Das Landgericht Wiesbaden wertete die Übergabe jüdischer, russischer und ukrainischer Strafgefangener an die SS zur ‘Vernichtung durch Arbeit’ nicht als rechtswidrig. Die Freiheitsberaubung der Juden sei objektiv nicht rechtswidrig gewesen, denn die Spannung zwischen Norm und Gerechtigkeit habe noch kein unerträgliches Maß erreicht.

Das Landgericht Kiel wertete das Todesurteil durch ein Kriegsgericht als gerechtfertigt, weil der Betreffende zersetzende Äußerungen gemacht habe, die verwerflich und verantwortungslos gewesen seien. Die zersetzenden Äußerungen bestanden darin, daß der Betreffende behauptet hatte, es gebe kein Weltjudentum, Hitler sei ein wahnsinniger Utopist.

Zwei Richter des Standgerichts, die sich unmittelbar vor dem Einmarsch der Amerikaner geweigert hatten, ein Todesurteil zu unterzeichnen, wurden unverzüglich hingerichtet. Das Landgericht Ansbach wertete die Weigerung der Standrichter als pflichtwidrig und die Exekution als gerechtfertigt.

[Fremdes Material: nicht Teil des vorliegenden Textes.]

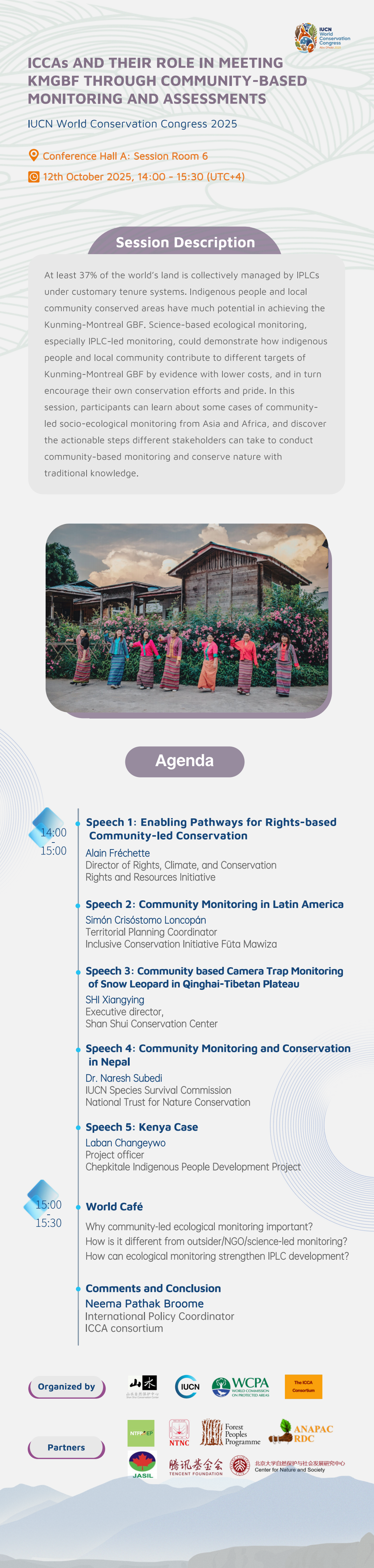 基于科学的生物多样性监测,特别是当地社区主导的监测,能够以更低的成本展示原住民和当地社区如何为“昆蒙框架”的各项目标作出贡献,进而激励其自身的保护行动并增强自豪感。本环节将分享亚洲和非洲本地社区主导的生物多样性监测案例,探讨不同利益相关方可采取的具体行动步骤,以开展社区监测并运用传统知识保护自然。

Bezeichnend auch, wenn das Landgericht Kassel die Anwendung des Blutschutzgesetzes rechtfertigt und schreibt, die Sonderrichter seien mit der ebenso brutalen wie unkonventionellen Kombination von Blutschutzgesetz und Gewohnheitsverbrechergesetz nicht von der Tradition der Sauberkeit des Richterstandes abgewichen. Unbeanstandet blieb, daß die ‘unkonventionelle Kombination’ nichts weiter war als eine Auslegung über den Wortlaut des Gesetzes hinaus. Im Falle Katzenberger hatte selbst Freisler die Kombination von Blutschutzgesetz und Verordnung gegen Volksschädlinge beanstandet, weil letztere seiner Auffassung nach für Plünderer geschaffen worden war. Eine ‘so kühne Konstruktion’ habe er, Freisler, nie gewagt. NS-Richter Rothaug wagte es. Bundesdeutsche Richter haben es nicht beanstandet.

So verwundet nicht, wenn ehemalige NS-Richter als bundesdeutsche Richter in den Euthanasieprozessen unbehelligt das fortsetzen, was die Nazis begonnen hatten. Wenn das Landgericht Köln in einem Urteil vom 24.10.1951 unbeanstandet feststellen konnte, die Opfer der Euthanasie seien ausgebrannte Menschen gewesen, unter der Tierstufe vegetierende Wesen, die unter der Nullstufe stehen, so spricht dies für sich.